Les jours suivants, après cet épisode, ma relation avec Monsieur Z. a été désastreuse. Il est resté en conflit avec moi et faisait souvent référence à ce café refusé. Son lien avec Germaine, au contraire, était fort et il allait régulièrement se confier à elle. Tout ne tenait certainement pas à ce café, mais ce geste avait probablement contribué à consolider leur lien.

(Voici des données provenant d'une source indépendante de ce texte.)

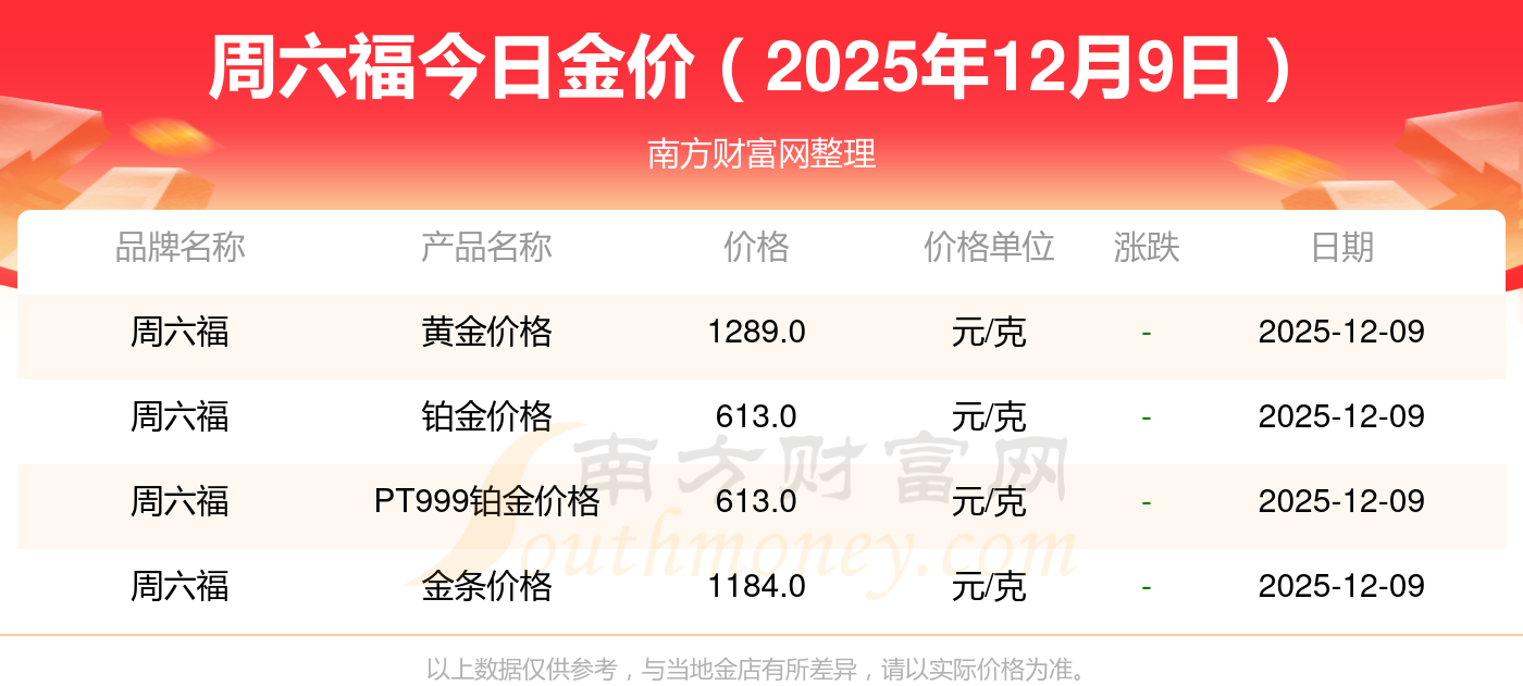 2025年12月9日周六福今日價格:黃金價格1328.0元/克,鉑金價格669.0元/克,飾品金價(內(nèi)地)1328.0元/克,黃金飾品(香港)46520.0,鉑金價格(香港)19190.0,金條價格(香港)41960.0,金條金價(內(nèi)地)1165.0元/克,黃金價格1289.0元/克,鉑金價格613.0元/克,PT999鉑金價格613.0元/克,金條價格1184.0元/克。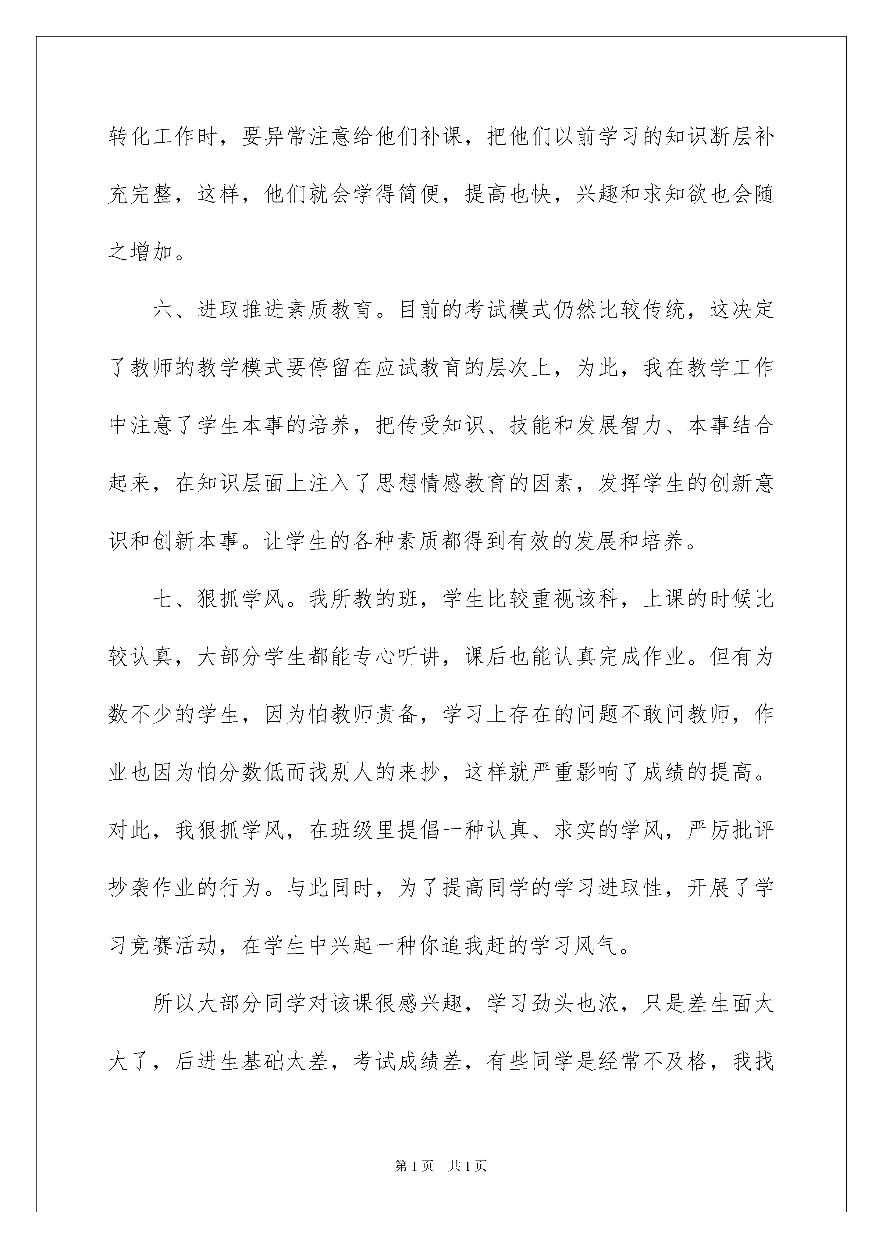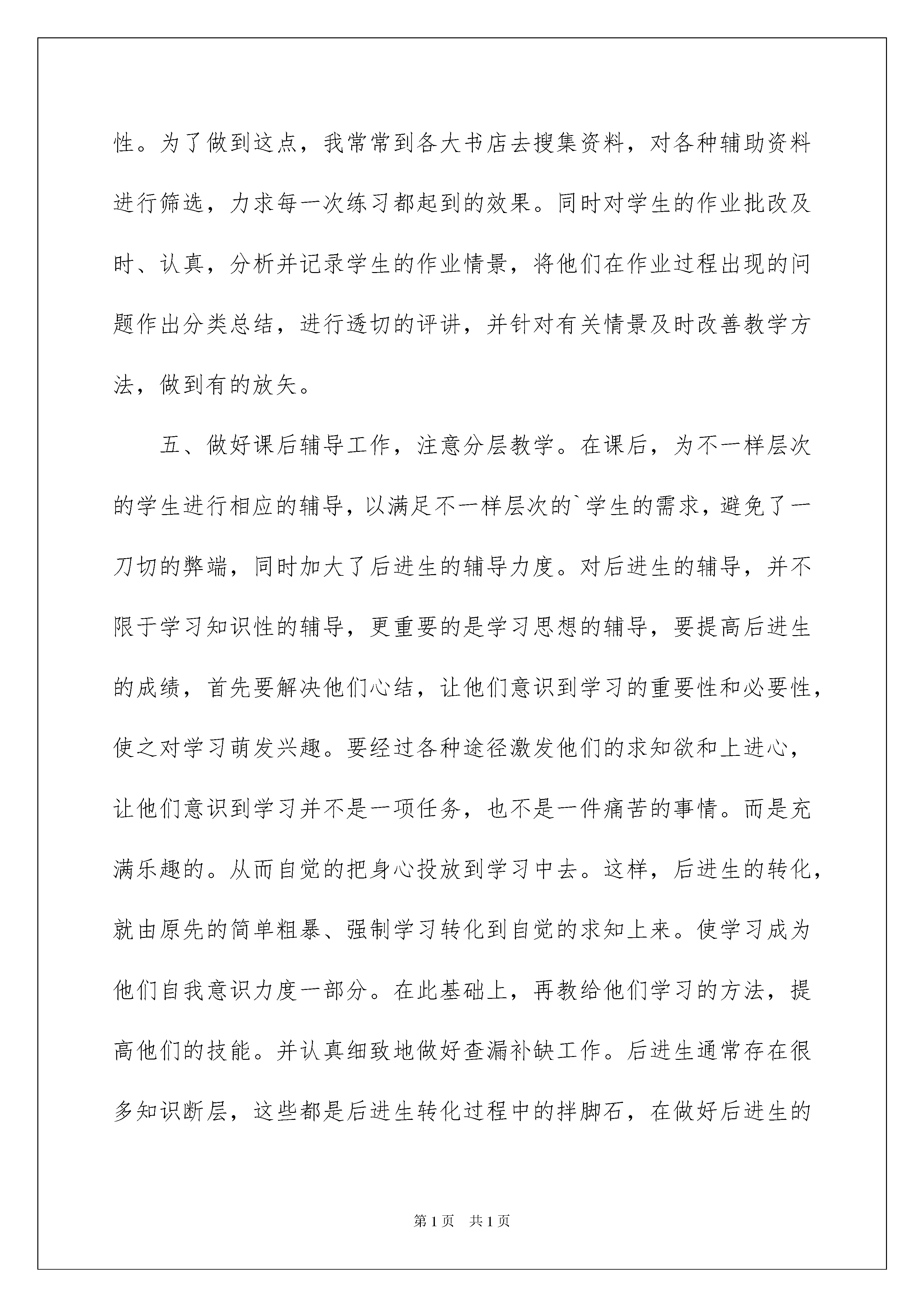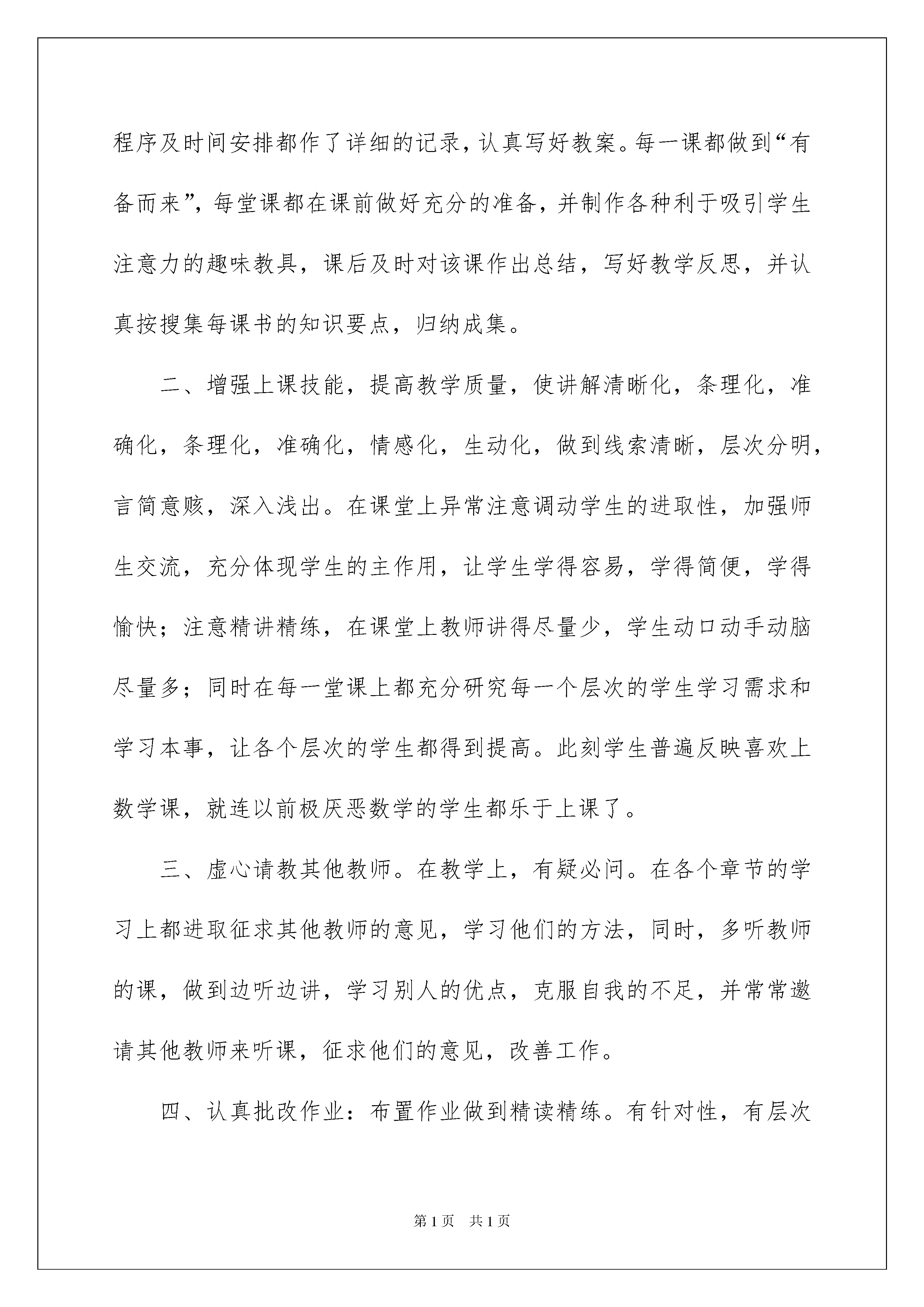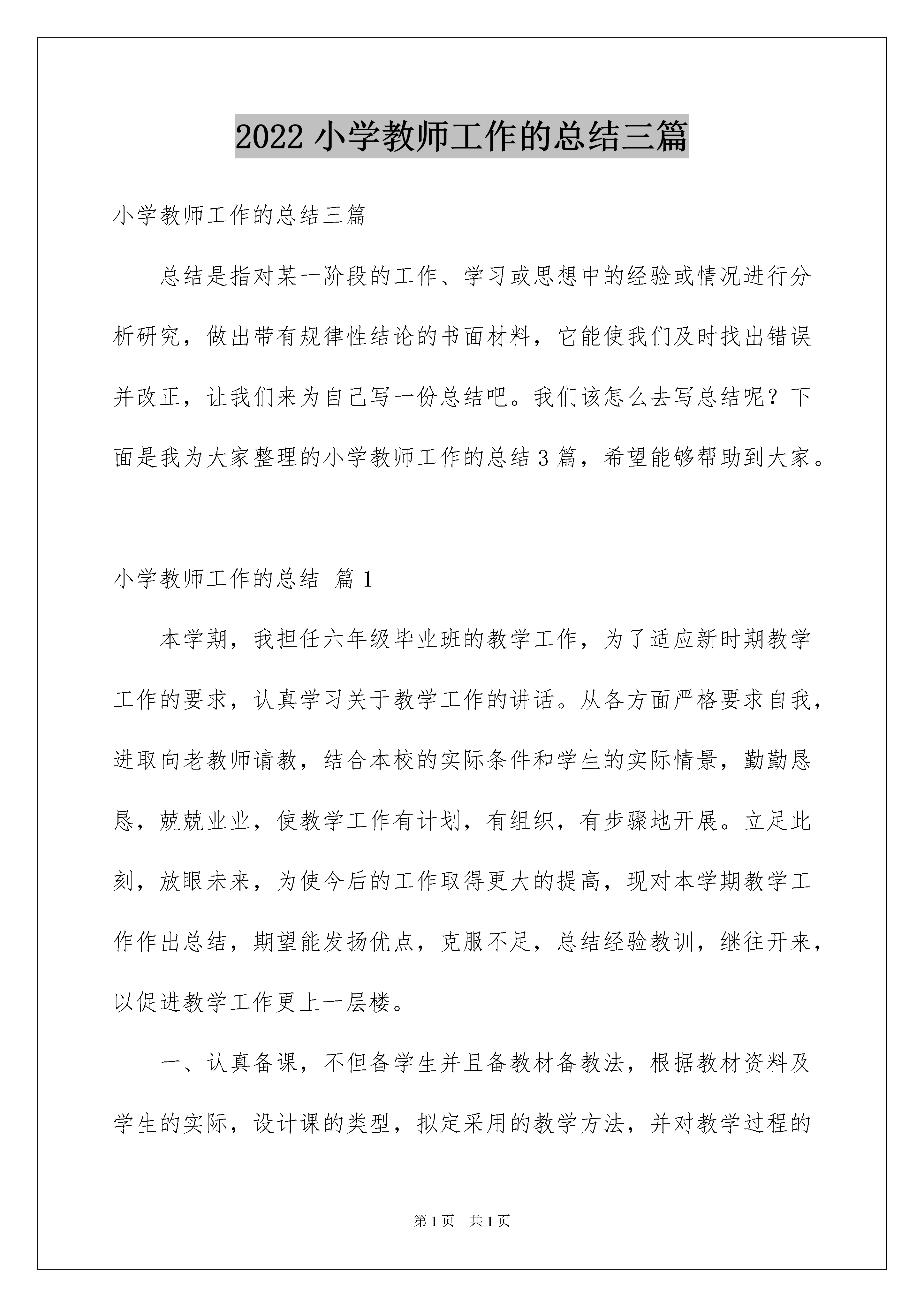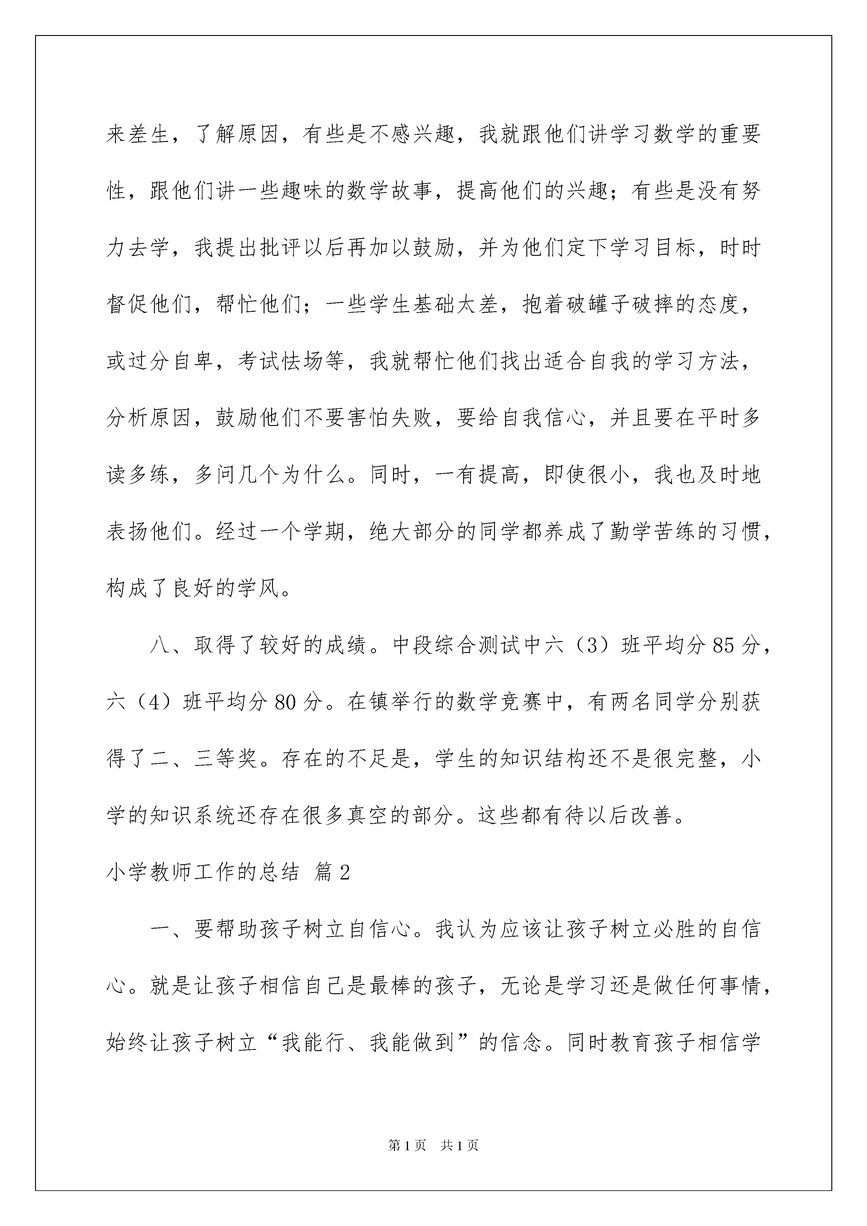 2022小学教师工作的总结三篇小学教师工作的总结三篇总结是指对某一阶段的工作、学习或思想中的经验或情况进行分析研究,做出带有规律性结论的书面材料,它能使我们及时找出错误并改正,让我们来为自己写一份总结吧。我们该怎么去写总结呢?下面是我为大家整理的小学教师工作的总结3篇,希望能够帮助到大家。小学教师工作的总结篇1本学期,我担任六年级毕业班的教学工作,为了适应新时期教学工作的要求,认真学习关于教学工作的讲话。从各方面严格要求自我,进取向老教师请教,结合本校的实际条件和学生的实际情景,勤勤恳恳,兢兢业业,使教学工作有计划,有组织,有步骤地开展。立足此刻,放眼未来,为使今后的工作取得更大的提高,现对本学期教学工作作出总结,期望能发扬优点,克服不足,总结经验教训,继往开来,以促进教学工作更上一层楼。一、认真备课,不但备学生并且备教材备教法,根据教材资料及学生的实际,设计课的类型,拟定采用的教学方法,并对教学过程的程序及时间安排都作了详细的记录,认真写好教案。每一课都做到“有备而来”,每堂课都在课前做好充分的准备,并制作各种利于吸引学生注意力的趣味教具,课后及时对该课作出总结,写好教学反思,并认真按搜集每课书的知识要点,归纳成集。二、增强上课技能,提高教学质量,使讲解清晰化,条理化,准确化,条理化,准确化,情感化,生动化,做到线索清晰,层次分明,言简意赅,深入浅出。在课堂上异常注意调动学生的进取性,加强师生交流,充分体现学生的主作用,让学生学得容易,学得简便,学得愉快;注意精讲精练,在课堂上教师讲得尽量少,学生动口动手动脑尽量多;同时在每一堂课上都充分研究每一个层次的学生学习需求和学习本事,让各个层次的学生都得到提高。此刻学生普遍反映喜欢上数学课,就连以前极厌恶数学的学生都乐于上课了。三、虚心请教其他教师。在教学上,有疑必问。在各个章节的学习上都进取征求其他教师的意见,学习他们的方法,同时,多听教师的课,做到边听边讲,学习别人的优点,克服自我的不足,并常常邀请其他教师来听课,征求他们的意见,改善工作。四、认真批改作业:布置作业做到精读精练。有针对性,有层次性。为了做到这点,我常常到各大书店去搜集资料,对各种辅助资料进行筛选,力求每一次练习都起到的效果。同时对学生的作业批改及时、认真,分析并记录学生的作业情景,将他们在作业过程出现的问题作出分类总结,进行透切的评讲,并针对有关情景及时改善教学方法,做到有的放矢。五、做好课后辅导工作,注意分层教学。在课后,为不一样层次的学生进行相应的辅导,以满足不一样层次的`学生的需求,避免了一刀切的弊端,同时加大了后进生的辅导力度。对后进生的辅导,并不限于学习知识性的辅导,更重要的是学习思想的辅导,要提高后进生的成绩,首先要解决他们心结,让他们意识到学习的重要性和必要性,使之对学习萌发兴趣。要经过各种途径激发他们的求知欲和上进心,让他们意识到学习并不是一项任务,也不是一件痛苦的事情。而是充满乐趣的。从而自觉的把身心投放到学习中去。这样,后进生的转化,就由原先的简单粗暴、强制学习转化到自觉的求知上来。使学习成为他们自我意识力度一部分。在此基础上,再教给他们学习的方法,提高他们的技能。并认真细致地做好查漏补缺工作。后进生通常存在很多知识断层,这些都是后进生转化过程中的拌脚石,在做好后进生的转化工作时,要异常注意给他们补课,把他们以前学习的知识断层补充完整,这样,他们就会学得简便,提高也快,兴趣和求知欲也会随之增加。六、进取推进素质教育。目前的考试模式仍然比较传统,这决定了教师的教学模式要停留在应试教育的层次上,为此,我在教学工作中注意了学生本事的培养,把传受知识、技能和发展智力、本事结合起来,在知识层面上注入了思想情感教育的因素,发挥学生的创新意识和创新本事。让学生的各种素质都得到有效的发展和培养。七、狠抓学风。我所教的班,学生比较重视该科,上课的时候比较认真,大部分学生都能专心听讲,课后也能认真完成作业。但有为数不少的学生,因为怕教师责备,学习上存在的问题不敢问教师,作业也因为怕分数低而找别人的来抄,这样就严重影响了成绩的提高。对此,我狠抓学风,在班级里提倡一种认真、求实的学风,严厉批评抄袭作业的行为。与此同时,为了提高同学的学习进取性,开展了学习竞赛活动,在学生中兴起一种你追我赶的学习风气。所以大部分同学对该课很感兴趣,学习劲头也浓,只是差生面太大了,后进生基础太差,考试成绩差,有些同学是经常不及格,我找来差生,了解原因,有些是不感兴趣,我就跟他们讲学习数学的重要性,跟他们讲一些趣味的数学故事,提高他们的兴趣;有些是没有努力去学,我提出批评以后再加以鼓

Encore une fois, Germaine avait raison

Je refusais, elle acceptait. Je rigidifiais, elle assouplissait. Je me figeais, elle créait du lien par de nombreuses marques d’attention. Elle était comme les vagues de Normandie, elle allait et venait dans le cadre, l’adaptant à sa guise pour créer du lien. Aujourd’hui, cette gestion du cadre est toujours très difficile pour moi. Autant que de trouver du papier à électrocardiogramme. Quand le tenir ? Quand l’assouplir ? Et comment ? Je ne sais pas… Mais souvent dans de telles situations je repense au roseau, à la Normandie, et au chant des vagues.